═════ Input for this task

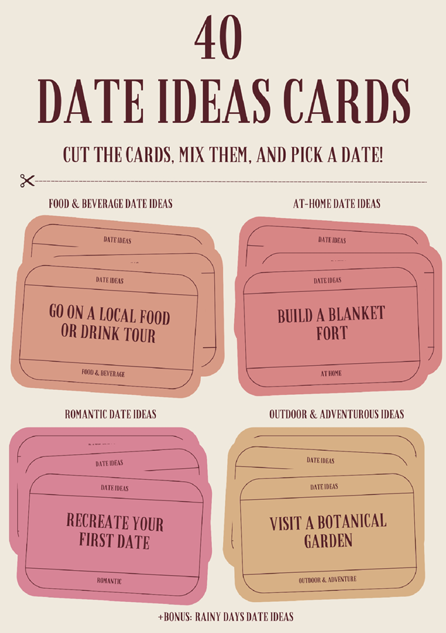 The "40 Date Ideas Cards" are perfect for sparking spontaneity and breaking away from routine. Simply draw a card at random, and let destiny guide your next adventure. These cards are designed to cater to every couple, whether you're seeking cozy indoor activities or adventurous outdoor escapades.
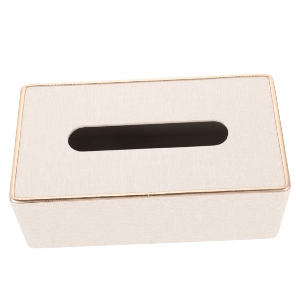 Sosoport Rectangular Household Tissue Storage Box with Premium PU Leather Texture Napkin Holder for Home Office Hotel and Restaurant Use Convenient Extraction Design Pattern with Gold Trim
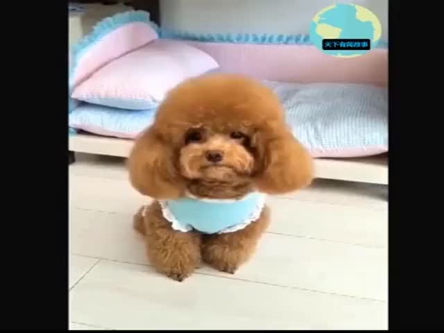 泰迪小矮个上不了大床,委屈的回自己的小床!
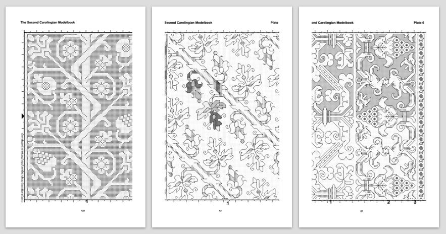 Like the first book, it is a treasury of charted designs for needleworkers and artisans. The 75 plates present over 250 individual borders, motifs, or all-over designs. These include both linear designs suitable for double running stitch, back stitch or other similar treatments; and block unit designs, suitable for long armed cross stitch, lacis/buratto, and other solid fill work of the time. Block unit patterns are also useful for modern interpretation using plain old cross stitch, filet crochet, tapestry crochet, or stranded colorwork knitting. There is good representation of designs appropriate for voided (reserva) work – both with and without accompanying linear outlines.
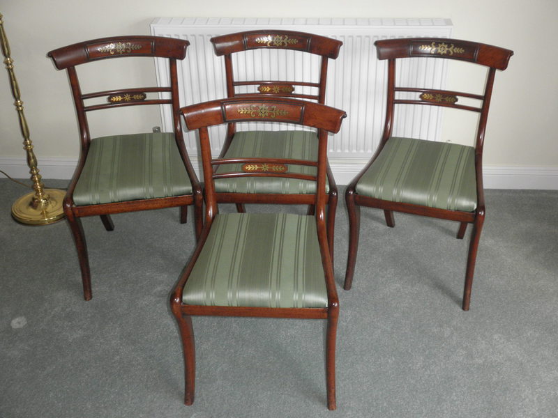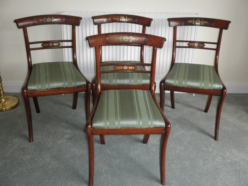 A set of four bar back dining chairs from the Regency period (c.1820). These sturdy mahogany chairs have an elegant refinement in their design with front and rear sabre legs, and decorative brass inlay featured in both the top rail and back bar, emphasising the quality of workmanship throughout the frame. The drop-in seats have been reupholstered at some point in a pleasing green regency striped fabric which is still in very good condition.

══════════

• Work instructions: Set down the entries above exactly; no pictures belong in the copy.

• Solution to this problem:
 The "40 Date Ideas Cards" are perfect for sparking spontaneity and breaking away from routine. Simply draw a card at random, and let destiny guide your next adventure. These cards are designed to cater to every couple, whether you're seeking cozy indoor activities or adventurous outdoor escapades.
 Sosoport Rectangular Household Tissue Storage Box with Premium PU Leather Texture Napkin Holder for Home Office Hotel and Restaurant Use Convenient Extraction Design Pattern with Gold Trim
 泰迪小矮个上不了大床,委屈的回自己的小床!
 Like the first book, it is a treasury of charted designs for needleworkers and artisans. The 75 plates present over 250 individual borders, motifs, or all-over designs. These include both linear designs suitable for double running stitch, back stitch or other similar treatments; and block unit designs, suitable for long armed cross stitch, lacis/buratto, and other solid fill work of the time. Block unit patterns are also useful for modern interpretation using plain old cross stitch, filet crochet, tapestry crochet, or stranded colorwork knitting. There is good representation of designs appropriate for voided (reserva) work – both with and without accompanying linear outlines.
 A set of four bar back dining chairs from the Regency period (c.1820). These sturdy mahogany chairs have an elegant refinement in their design with front and rear sabre legs, and decorative brass inlay featured in both the top rail and back bar, emphasising the quality of workmanship throughout the frame. The drop-in seats have been reupholstered at some point in a pleasing green regency striped fabric which is still in very good condition.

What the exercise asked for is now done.